Two franchise systems, side by side. For a software vendor, they are not the same opportunity.

More open target
ACTIONCOACH BUSINESS COACH FRANCHISEACTIONCOACH
wins 3 of 12 vendor rows

ActionCOACH is the play, and the gap isn’t close. With 138 franchised units adding 14% more units year-over-year, you’re looking at a living, breathing TAM that expands on its own. Average unit revenue of $193K is modest but real—these owners have cash flow, and they pay a combined 15% royalty and ad fund to a franchisor that enforces standards. That means they’re already conditioned to adopt mandated tools, which shortens your sales cycle from “why change” to “when do we deploy.” The procurement model is approved-supplier, giving you a structural path to become the endorsed vendor and lock in the entire system, not just single-unit deals.

Snapchef tempts with a lower royalty (6%) and a slightly higher investment ceiling that might imply deeper pockets per unit, but it’s a mirage. Four total units, zero franchised—there’s no buying group, no centralized budget, and no proof anyone can scale this concept. Selling into four owner-operated locations is high-touch, low-yield labor; you’d burn deal-desk resources on custom scoping for a TAM that won’t crack seven figures of ARR potential even at full penetration. The higher per-unit investment range doesn’t translate to software budget when every location is a standalone experiment with no franchisee network peer pressure to adopt.

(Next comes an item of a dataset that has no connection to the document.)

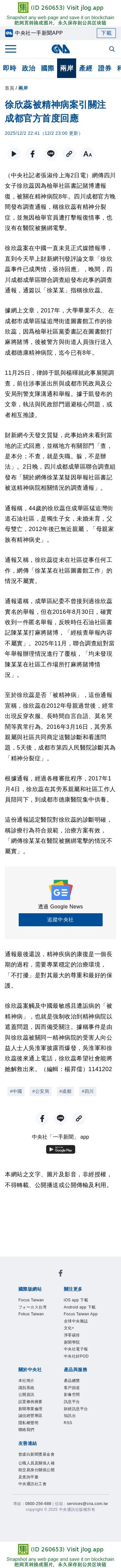 徐欣蕊被精神病案引關注 成都官方首度回應 | 兩岸 | 中央社 CNA

The meaningful tradeoff: ActionCOACH delivers an addressable base right now with embedded renewal dynamics (franchisees churn, new ones buy the stack), while Snapchef offers a clean slate but no momentum and no procurement leverage. You’re not selling to a brand at Snapchef; you’re selling to four individual entrepreneurs who might not make it through year two. ActionCOACH’s dormant filing is a non-issue—you’re fishing where the fish are, and that 140-unit base growing at double digits is a compounding pipeline.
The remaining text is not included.